In its simplest terms, an EFI system is a computer controlled fuel delivery system. The ECU reads various sensors located on the bike and makes the determination of how much fuel to allow the engine to have based on this information. The computer will open and close the injectors allowing gasoline into the engine based on the sensor inputs and the fuel map programmed into the computer.
(Harley-Davidson Motorcycle Fuel Injection Explained)


Functions of an ECU


1. Air/fuel mixture control: It determines the amount of air and fuel entering into the engine and accordingly plans the combustion process by varying the amount of fuel delivered through the fuel injectors.

2. Ignition timing control: There is a certain crank angle in the compression stroke which gives maximum torque output if the air/fuel mix is ignited at that point. The ECU decides this and accordingly fires the spark plugs.

3. Idle speed control: It controls the idle speed of the engine depending on the ambient temperature and engine oil temperature of an engine. This is the reason that when starting the engine for the first time in the morning, the RPM is more compared to normal idle RPM.
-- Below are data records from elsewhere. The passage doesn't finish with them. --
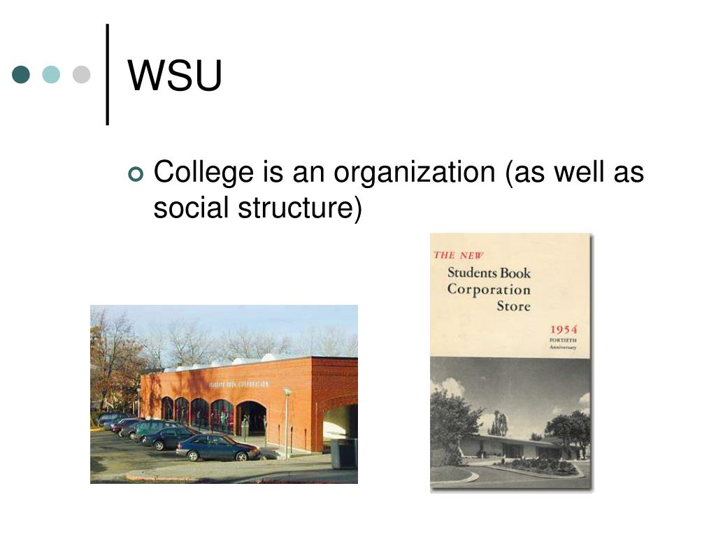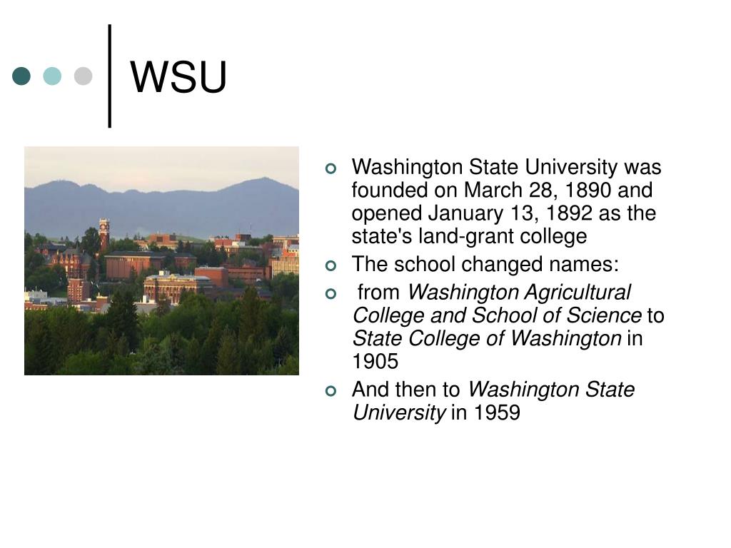 WSU • Washington State University was founded on March 28, 1890 and opened January 13, 1892 as the state's land-grant college • The school changed names: • from Washington Agricultural College and School of Science to State College of Washington in 1905 • And then to Washington State University in 1959
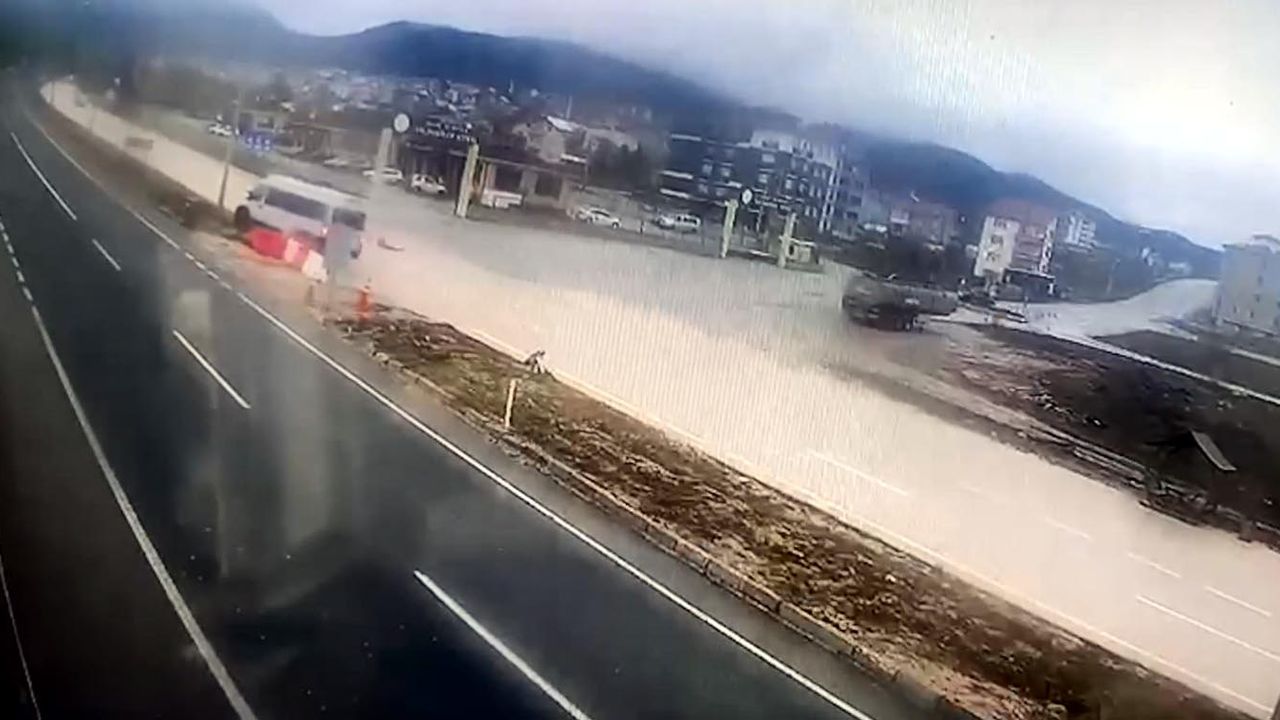 Kaza, sabah 08.20 sıralarında Gerede-Ankara yolu üzerindeki Esentepe Bölge Trafik İstasyonu mevkisinde meydana geldi. Karşı şeride geçmek isteyen İsa C. yönetimindeki 06 KK 686 plakalı otomobile, Adil Ş. idaresindeki 14 KA 999 plakalı minibüs çarptı. Çarpmanın etkisiyle savrulan minibüs, refüje çıktı. Kazanın ardından olay yerine polis, jandarma, itfaiye ve sağlık ekipleri sevk edildi. Otomobilde sıkışan sürücü itfaiye ekibi tarafından çıkartıldı ardından hastaneye kaldırıldı. Diğer yandan kaza güvenlik kamerasına yansıdı. (DHA)
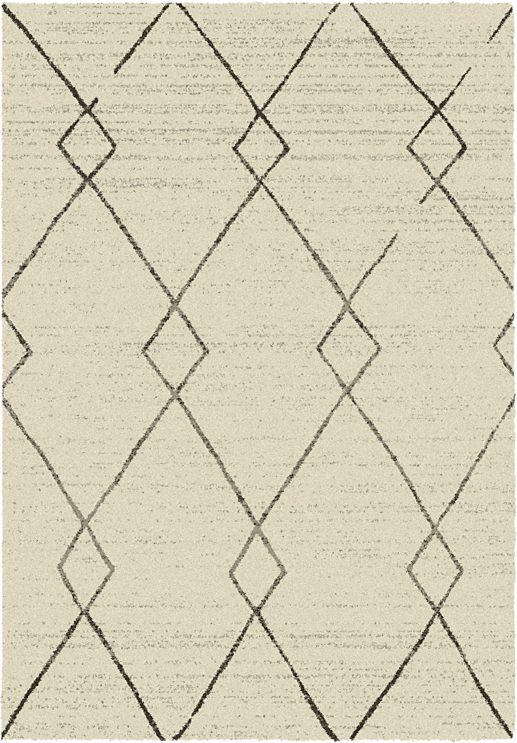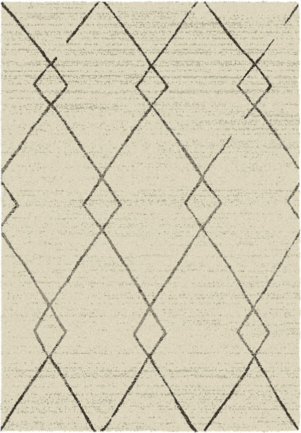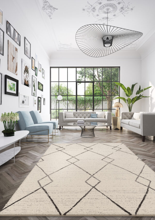 שטיח מקולקציית קניון בדוגמה אתנית גאומטרית מרוקאית בצבעי בז’ שחור.

(Motorcycle Engine Control Unit (ECU) Explained » BikesIndia.org)


Open Loop

When the engine is first started the system goes into open loop operation. Open loop simply means there is no feedback of the result to the ECU. In our case, it means there is no sensing or measuring of the exhaust gas to see how the bike is running. The fuel injected is determined by the RPM and throttle position, derived from fuel injector pulse width numbers stored in the fuel maps, and is trimmed for environmental conditions due to air temperature, air pressure and engine temperature.


Closed Loop

Closed loop means there is feedback of the result to the ECU. In our case, it means there is sensing or measuring of the exhaust gas to see how the bike is running. This sensing is done by the O2 sensor.

(BikeBoy.org - Fuel Injection – Open Loop and Closed Loop)


narrowband O2 Sensor

A narrowband O2 sensor is an oxygen sensor that is only calibrated to know three things. Rich, stoic, and lean. What I mean by this is that it only has a narrow window that it see’s the air fuel mixture through. The sensor knows that the engine is running rich or lean, but not by how much.

wideband O2 Sensor

A wideband O2 sensor is much more sophisticated than a narrowband sensor, and can be relied upon to be used as a tuning tool. wideband sensors not only are a lot faster acting in the reading, but can tell you the exact a/f ratio that the motor is currently at. wideband sensors give the ECU the ability to tune exact A/F value’s to a tenth of a decimal instead of just enriching and leaning the mixture until a stoic value is seen.